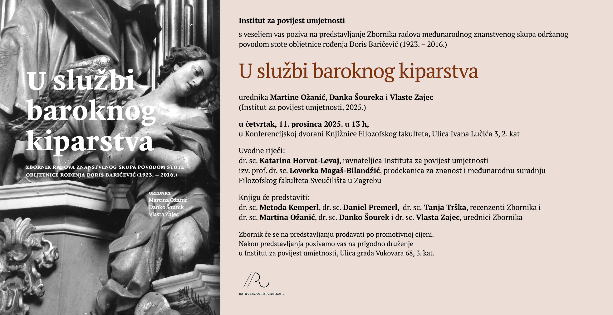 Predstavljanje zbornika U službi baroknog kiparstva održat će se u četvrtak, 11. prosinca 2025. u 13:00 sati na Filozofskom fakultetu u Zagrebu.
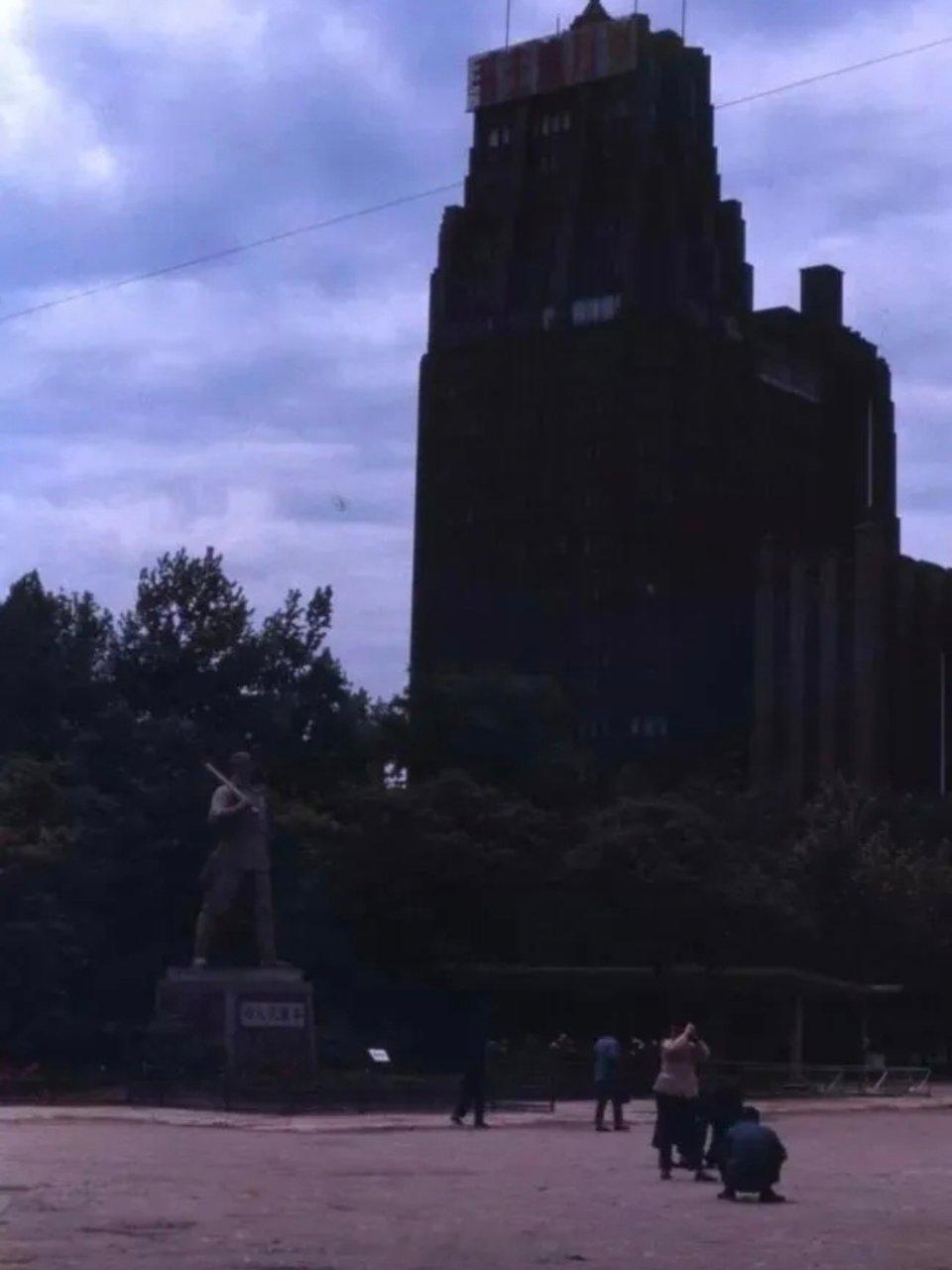 1976年的上海国际饭店那时市区不像现在车流如洪,机动车不多,出行以脚踏车为主。国际饭店周边停了好多的脚踏车!图三是国际饭店边上的人民公园,里面有座张思德的塑像。深夜树洞上海身边事
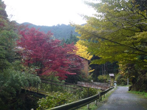 途中に「関八州見晴らし台」という道標があり、「関八州」にちょっと心ひかれて、「どのくらいで行かれますか?」と聞いたら、「1時間半ほど登れば……」と。それは、ちょっと無理です(-_-;) 足元が滑る、獣道のような道でしたから(笑) 紅葉の盛りになるまでには、あと10日ほどとか。それもつかの間ですぐ冬がやってくる……。このあたりは雪はめったに降らないでしょうが、冬の間は、ほとんどお店は閉めているそうです。そんなに山奥というわけではないので、お正月などには、お参りに来る人もいそうですね。
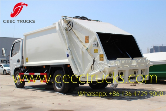 Myanmar 5 CBM အမှိုက်သိမ်းကားများသည် Dongfeng 3300mm wheelbase 4*2 LHD ကိုယ်ထည်၊ CHAOCHAI 95HP အင်ဂျင်နှင့် 5-shift manual gearbox ကို အသုံးပြု၍ operaiton လွယ်ကူစေရန်။ အရည်အသွေးအကောင်းဆုံး ကာဗွန်သံမဏိ Q235 ပစ္စည်း compactor ကိုယ်ထည်

[ABOUT THIS EXERCISE]
Please retype the whole listing above word for word and drop the pictures.

[PROBLEM SOLUTION]
 Predstavljanje zbornika U službi baroknog kiparstva održat će se u četvrtak, 11. prosinca 2025. u 13:00 sati na Filozofskom fakultetu u Zagrebu.
 1976年的上海国际饭店那时市区不像现在车流如洪,机动车不多,出行以脚踏车为主。国际饭店周边停了好多的脚踏车!图三是国际饭店边上的人民公园,里面有座张思德的塑像。深夜树洞上海身边事
 途中に「関八州見晴らし台」という道標があり、「関八州」にちょっと心ひかれて、「どのくらいで行かれますか?」と聞いたら、「1時間半ほど登れば……」と。それは、ちょっと無理です(-_-;) 足元が滑る、獣道のような道でしたから(笑) 紅葉の盛りになるまでには、あと10日ほどとか。それもつかの間ですぐ冬がやってくる……。このあたりは雪はめったに降らないでしょうが、冬の間は、ほとんどお店は閉めているそうです。そんなに山奥というわけではないので、お正月などには、お参りに来る人もいそうですね。
 Myanmar 5 CBM အမှိုက်သိမ်းကားများသည် Dongfeng 3300mm wheelbase 4*2 LHD ကိုယ်ထည်၊ CHAOCHAI 95HP အင်ဂျင်နှင့် 5-shift manual gearbox ကို အသုံးပြု၍ operaiton လွယ်ကူစေရန်။ အရည်အသွေးအကောင်းဆုံး ကာဗွန်သံမဏိ Q235 ပစ္စည်း compactor ကိုယ်ထည်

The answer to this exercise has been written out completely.